Now run db.compact(). Compaction walks seg-0 record by record. For each record it does the usual liveness test: does the index for this key point at this exact (segment, offset)?

seg-0 @ 0   key="alice" index["alice"]=(0,27) ≠ (0,0)   -> skip
seg-0 @ 9   key="bob"   index["bob"]  =(0,9)  == (0,9)  -> COPY (put)
seg-0 @ 17  key="alice" index["alice"]=(0,27) ≠ (0,17)  -> skip
seg-0 @ 27  key="alice" index["alice"]=(0,27) == (0,27) -> COPY (tombstone)

Both the live put for bob and the live tombstone for alice survive. The two dead alice=... records do not. The compacted output segment seg-2 contains:

offset 0   \x00 bob=42\n
offset 8   \x01 alice=\n

The tombstone is still there. It has to be: if compaction dropped it now, and the log were replayed or another replica shipped us its older alice=35 from its segment, alice would rise from the grave. The tombstone is the proof of absence that the rest of the system relies on.

What about dropping the tombstone later?
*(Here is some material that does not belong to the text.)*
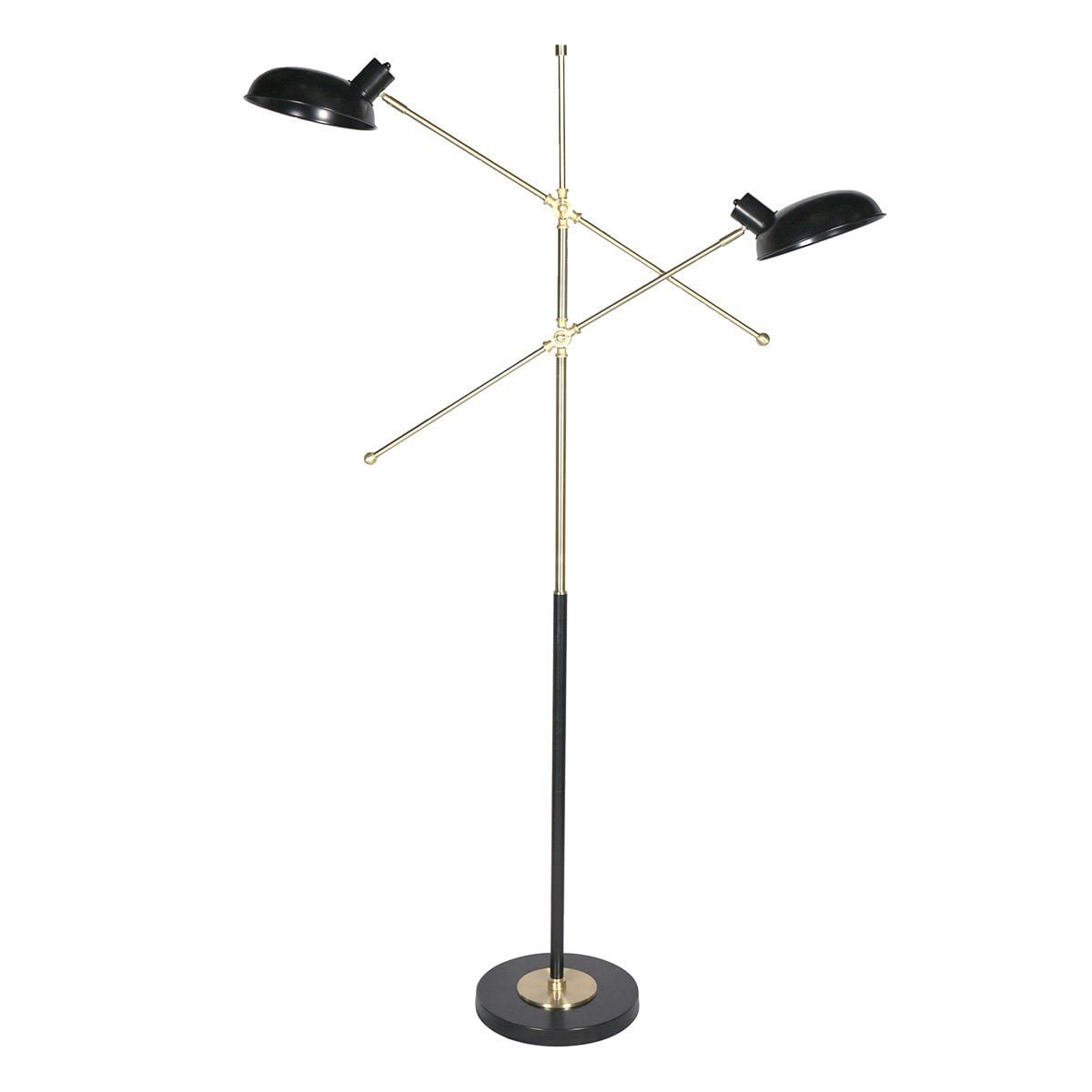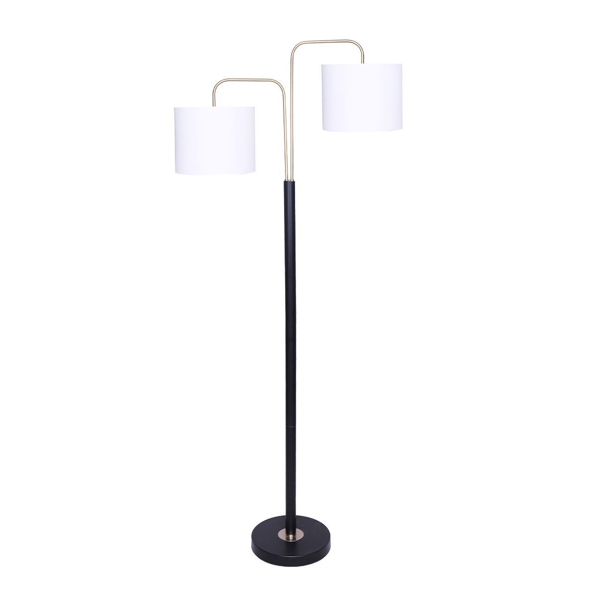 Modern, chic and versatile, this trio floor lamp is perfect for most living spaces. It features three brass poles secured in a round base with three black tapered metal shades that offer different lighting angles.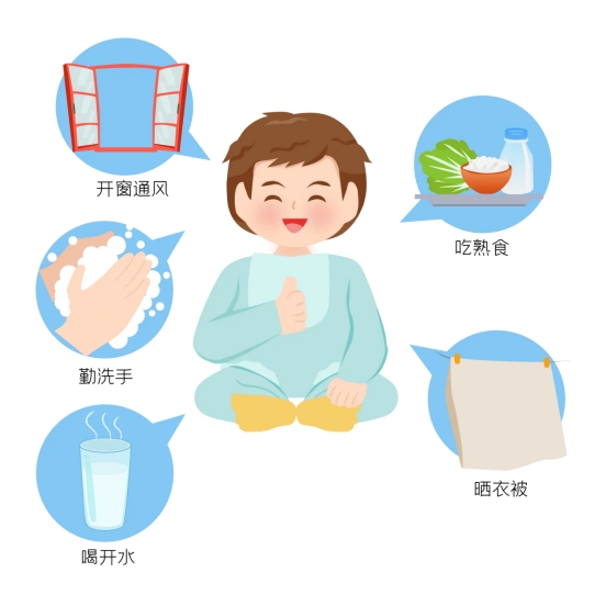 2.保持手卫生。避免用手触摸口、鼻、眼等易感染部位;咳嗽、打喷嚏时用纸巾遮住口鼻,在触摸公共物品后、外出游玩回家后、进食前、如厕后,以及家长在回家后、加工食品前、更换尿布或处理被粪便污染的物品后,用肥皂水或洗手液洗手。

That is exactly the question the next section answers.

The "when can we drop a tombstone" problem

Compaction's liveness test says a record is live if the index points at it. A tombstone satisfies that test — the index does point at it — so compaction preserves it. Fine. The question is: once the tombstone is the only record for its key left anywhere on disk, can we finally drop it?

In our single-node BitcaskSegmented, with no replication and no backups, the answer is yes, the moment compaction has finished sweeping every segment older than the tombstone. After that sweep, there is no alice=... record anywhere in the store. The index entry can be removed and the tombstone's bytes reclaimed.

The tricky word in that paragraph is older. Tombstones are positioned in the log at a specific point. Any record that appeared earlier in the log is older than the tombstone; any record that appeared later is newer. Compaction must process segments in a way that respects this ordering, and the "when can I drop this tombstone" predicate is: every segment that existed when the tombstone was written has been compacted, with the tombstone's key not appearing in any of them.

The easy case: the tombstone landed in seg-N, and by the time the compactor gets around to reconsidering it, every earlier segment seg-0...seg-N-1 has been compacted away, and no compacted output carries an alice=... put. The tombstone can be dropped on the next compaction pass.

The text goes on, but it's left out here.